■ EXERCISE GOAL
For the word "более", return each line of the data in which it occurs.

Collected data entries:
□ □ □ □ □
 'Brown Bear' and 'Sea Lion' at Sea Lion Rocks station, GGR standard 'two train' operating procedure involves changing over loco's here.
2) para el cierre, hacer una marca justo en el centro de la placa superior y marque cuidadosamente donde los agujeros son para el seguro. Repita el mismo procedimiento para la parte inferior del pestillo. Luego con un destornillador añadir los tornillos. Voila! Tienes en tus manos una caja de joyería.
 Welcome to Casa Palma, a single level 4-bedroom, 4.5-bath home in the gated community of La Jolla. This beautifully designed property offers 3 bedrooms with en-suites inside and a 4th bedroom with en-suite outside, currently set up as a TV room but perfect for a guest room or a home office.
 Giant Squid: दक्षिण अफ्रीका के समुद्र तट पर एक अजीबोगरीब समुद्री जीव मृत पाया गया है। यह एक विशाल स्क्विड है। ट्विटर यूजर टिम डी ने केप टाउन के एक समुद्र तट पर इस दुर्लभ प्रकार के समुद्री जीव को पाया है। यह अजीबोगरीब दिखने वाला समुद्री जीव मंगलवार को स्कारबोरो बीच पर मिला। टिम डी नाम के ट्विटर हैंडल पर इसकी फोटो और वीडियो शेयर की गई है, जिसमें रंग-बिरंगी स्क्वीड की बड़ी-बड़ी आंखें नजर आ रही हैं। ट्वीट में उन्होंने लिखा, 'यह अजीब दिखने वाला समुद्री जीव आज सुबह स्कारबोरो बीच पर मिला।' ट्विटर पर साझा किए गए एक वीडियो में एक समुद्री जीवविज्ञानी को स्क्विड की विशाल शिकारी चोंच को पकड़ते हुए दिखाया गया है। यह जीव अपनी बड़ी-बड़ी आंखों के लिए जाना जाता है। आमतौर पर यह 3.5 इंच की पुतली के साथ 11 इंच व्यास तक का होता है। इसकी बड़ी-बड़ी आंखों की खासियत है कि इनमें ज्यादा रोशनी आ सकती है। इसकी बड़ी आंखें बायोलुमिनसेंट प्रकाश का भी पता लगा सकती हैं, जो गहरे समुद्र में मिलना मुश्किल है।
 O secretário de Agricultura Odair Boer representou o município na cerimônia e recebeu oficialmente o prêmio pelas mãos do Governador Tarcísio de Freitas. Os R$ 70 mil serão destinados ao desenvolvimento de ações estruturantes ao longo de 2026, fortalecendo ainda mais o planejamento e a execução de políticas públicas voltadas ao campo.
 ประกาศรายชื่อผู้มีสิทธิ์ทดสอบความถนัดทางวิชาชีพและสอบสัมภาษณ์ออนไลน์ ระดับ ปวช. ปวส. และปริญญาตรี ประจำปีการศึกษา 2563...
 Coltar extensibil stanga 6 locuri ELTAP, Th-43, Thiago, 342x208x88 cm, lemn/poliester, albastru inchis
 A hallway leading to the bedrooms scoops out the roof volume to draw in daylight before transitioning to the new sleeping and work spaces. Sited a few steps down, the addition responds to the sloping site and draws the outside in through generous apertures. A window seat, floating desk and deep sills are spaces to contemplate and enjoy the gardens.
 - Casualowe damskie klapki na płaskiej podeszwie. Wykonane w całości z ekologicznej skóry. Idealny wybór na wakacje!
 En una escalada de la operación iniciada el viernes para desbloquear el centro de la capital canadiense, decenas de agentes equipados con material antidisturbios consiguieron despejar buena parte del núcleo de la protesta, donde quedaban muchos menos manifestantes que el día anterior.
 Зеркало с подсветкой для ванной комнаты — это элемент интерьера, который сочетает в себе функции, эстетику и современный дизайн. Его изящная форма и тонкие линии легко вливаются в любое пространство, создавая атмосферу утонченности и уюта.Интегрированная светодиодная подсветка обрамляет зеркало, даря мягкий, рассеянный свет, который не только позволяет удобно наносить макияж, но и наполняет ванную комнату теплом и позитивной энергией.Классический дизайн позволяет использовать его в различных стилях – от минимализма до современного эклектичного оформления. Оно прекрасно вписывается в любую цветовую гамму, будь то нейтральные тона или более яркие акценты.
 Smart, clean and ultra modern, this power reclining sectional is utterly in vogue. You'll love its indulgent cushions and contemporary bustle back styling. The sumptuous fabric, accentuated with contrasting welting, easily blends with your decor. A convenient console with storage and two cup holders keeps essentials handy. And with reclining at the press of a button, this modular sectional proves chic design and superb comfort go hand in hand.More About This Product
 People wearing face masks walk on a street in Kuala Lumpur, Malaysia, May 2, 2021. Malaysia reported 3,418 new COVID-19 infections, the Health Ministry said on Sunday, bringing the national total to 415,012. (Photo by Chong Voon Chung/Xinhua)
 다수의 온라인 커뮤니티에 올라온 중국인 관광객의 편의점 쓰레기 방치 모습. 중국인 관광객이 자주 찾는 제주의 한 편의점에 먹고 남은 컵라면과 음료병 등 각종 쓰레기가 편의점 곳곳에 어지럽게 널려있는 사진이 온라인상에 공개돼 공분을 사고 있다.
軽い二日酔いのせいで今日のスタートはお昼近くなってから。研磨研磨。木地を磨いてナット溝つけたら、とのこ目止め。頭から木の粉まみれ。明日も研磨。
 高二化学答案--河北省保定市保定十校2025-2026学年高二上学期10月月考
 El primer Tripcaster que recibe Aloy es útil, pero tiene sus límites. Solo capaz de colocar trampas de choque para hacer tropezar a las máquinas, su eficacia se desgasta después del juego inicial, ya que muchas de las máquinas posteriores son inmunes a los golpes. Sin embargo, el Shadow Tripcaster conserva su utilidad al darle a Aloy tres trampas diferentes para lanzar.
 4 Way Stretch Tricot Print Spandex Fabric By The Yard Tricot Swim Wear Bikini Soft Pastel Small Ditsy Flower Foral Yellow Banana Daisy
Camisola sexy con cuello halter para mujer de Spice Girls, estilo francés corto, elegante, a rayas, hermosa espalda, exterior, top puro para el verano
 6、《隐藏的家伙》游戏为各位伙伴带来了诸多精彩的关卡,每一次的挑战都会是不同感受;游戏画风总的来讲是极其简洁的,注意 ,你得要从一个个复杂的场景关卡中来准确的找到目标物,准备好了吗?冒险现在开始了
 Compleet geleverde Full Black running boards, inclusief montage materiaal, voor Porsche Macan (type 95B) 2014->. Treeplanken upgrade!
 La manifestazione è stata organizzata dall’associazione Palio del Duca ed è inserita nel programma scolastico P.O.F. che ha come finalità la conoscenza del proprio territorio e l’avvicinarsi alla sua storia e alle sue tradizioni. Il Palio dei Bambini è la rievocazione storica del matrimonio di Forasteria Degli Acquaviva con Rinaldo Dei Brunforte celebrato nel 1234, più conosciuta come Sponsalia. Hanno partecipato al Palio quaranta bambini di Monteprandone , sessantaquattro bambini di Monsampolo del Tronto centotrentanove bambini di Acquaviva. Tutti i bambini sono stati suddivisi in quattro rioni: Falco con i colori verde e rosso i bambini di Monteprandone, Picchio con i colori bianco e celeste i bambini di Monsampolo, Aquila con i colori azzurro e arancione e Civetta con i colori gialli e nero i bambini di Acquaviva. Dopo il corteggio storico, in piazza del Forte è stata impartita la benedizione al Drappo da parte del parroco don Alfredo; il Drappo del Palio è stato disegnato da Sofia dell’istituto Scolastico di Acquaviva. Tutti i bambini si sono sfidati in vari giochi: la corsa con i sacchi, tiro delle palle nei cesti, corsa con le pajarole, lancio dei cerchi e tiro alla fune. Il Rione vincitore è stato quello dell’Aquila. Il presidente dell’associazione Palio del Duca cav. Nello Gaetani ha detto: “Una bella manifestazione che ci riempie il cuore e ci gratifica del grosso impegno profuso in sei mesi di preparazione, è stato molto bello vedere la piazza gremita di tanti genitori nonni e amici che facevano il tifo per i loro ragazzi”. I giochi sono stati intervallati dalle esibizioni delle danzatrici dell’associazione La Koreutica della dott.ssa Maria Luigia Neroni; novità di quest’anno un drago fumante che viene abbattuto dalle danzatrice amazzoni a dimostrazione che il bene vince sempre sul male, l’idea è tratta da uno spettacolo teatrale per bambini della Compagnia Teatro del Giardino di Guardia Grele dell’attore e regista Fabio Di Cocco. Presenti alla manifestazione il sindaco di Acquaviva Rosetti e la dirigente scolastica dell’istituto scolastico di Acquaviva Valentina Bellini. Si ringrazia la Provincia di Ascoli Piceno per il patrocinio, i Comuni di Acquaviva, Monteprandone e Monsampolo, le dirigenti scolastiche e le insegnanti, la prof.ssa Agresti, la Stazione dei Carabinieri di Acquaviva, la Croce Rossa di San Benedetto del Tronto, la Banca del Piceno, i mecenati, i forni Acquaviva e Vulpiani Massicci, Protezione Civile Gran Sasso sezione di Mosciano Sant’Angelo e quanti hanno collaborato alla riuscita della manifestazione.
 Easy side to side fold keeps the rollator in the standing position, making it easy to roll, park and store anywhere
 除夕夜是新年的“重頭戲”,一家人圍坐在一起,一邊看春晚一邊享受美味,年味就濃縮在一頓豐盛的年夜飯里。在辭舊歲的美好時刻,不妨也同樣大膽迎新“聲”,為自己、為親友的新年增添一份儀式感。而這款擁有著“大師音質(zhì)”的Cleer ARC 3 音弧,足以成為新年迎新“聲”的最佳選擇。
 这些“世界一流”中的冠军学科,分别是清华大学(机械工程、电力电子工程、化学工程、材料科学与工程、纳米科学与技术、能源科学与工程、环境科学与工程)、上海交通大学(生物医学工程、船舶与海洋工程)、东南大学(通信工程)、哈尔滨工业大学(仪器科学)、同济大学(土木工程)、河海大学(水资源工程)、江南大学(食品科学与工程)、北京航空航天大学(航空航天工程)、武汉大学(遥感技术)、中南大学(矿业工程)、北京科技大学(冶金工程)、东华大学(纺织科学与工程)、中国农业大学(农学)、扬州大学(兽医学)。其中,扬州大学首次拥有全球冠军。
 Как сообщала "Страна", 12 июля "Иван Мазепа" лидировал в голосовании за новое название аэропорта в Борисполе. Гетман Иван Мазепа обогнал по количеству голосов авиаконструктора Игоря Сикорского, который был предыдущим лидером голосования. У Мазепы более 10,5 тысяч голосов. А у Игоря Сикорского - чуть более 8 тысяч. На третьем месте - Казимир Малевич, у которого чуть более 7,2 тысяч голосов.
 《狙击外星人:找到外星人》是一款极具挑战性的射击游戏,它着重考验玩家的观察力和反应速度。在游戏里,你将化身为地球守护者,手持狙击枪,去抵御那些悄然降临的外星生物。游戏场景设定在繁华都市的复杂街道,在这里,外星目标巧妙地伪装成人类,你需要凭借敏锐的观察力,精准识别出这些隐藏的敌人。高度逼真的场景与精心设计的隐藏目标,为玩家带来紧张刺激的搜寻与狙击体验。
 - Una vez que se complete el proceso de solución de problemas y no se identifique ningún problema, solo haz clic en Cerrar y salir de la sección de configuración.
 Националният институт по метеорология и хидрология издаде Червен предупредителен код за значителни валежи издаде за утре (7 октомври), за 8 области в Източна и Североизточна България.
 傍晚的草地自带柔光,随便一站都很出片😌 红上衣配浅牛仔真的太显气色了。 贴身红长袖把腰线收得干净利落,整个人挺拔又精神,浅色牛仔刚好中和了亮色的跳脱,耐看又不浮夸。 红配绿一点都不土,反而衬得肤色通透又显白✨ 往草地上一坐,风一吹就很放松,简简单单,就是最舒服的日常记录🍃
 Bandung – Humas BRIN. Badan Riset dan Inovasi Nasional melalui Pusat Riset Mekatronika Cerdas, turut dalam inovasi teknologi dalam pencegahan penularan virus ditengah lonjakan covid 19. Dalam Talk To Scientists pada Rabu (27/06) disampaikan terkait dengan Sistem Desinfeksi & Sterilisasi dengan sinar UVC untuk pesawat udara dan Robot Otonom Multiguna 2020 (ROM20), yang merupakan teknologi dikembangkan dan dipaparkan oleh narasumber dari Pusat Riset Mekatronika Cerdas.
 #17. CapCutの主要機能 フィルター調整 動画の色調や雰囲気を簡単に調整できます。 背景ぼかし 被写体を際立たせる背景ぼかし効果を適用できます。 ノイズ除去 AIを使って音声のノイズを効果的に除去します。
□ □ □ □ □
■ TASK RESULT
 Зеркало с подсветкой для ванной комнаты — это элемент интерьера, который сочетает в себе функции, эстетику и современный дизайн. Его изящная форма и тонкие линии легко вливаются в любое пространство, создавая атмосферу утонченности и уюта.Интегрированная светодиодная подсветка обрамляет зеркало, даря мягкий, рассеянный свет, который не только позволяет удобно наносить макияж, но и наполняет ванную комнату теплом и позитивной энергией.Классический дизайн позволяет использовать его в различных стилях – от минимализма до современного эклектичного оформления. Оно прекрасно вписывается в любую цветовую гамму, будь то нейтральные тона или более яркие акценты.
 Как сообщала "Страна", 12 июля "Иван Мазепа" лидировал в голосовании за новое название аэропорта в Борисполе. Гетман Иван Мазепа обогнал по количеству голосов авиаконструктора Игоря Сикорского, который был предыдущим лидером голосования. У Мазепы более 10,5 тысяч голосов. А у Игоря Сикорского - чуть более 8 тысяч. На третьем месте - Казимир Малевич, у которого чуть более 7,2 тысяч голосов.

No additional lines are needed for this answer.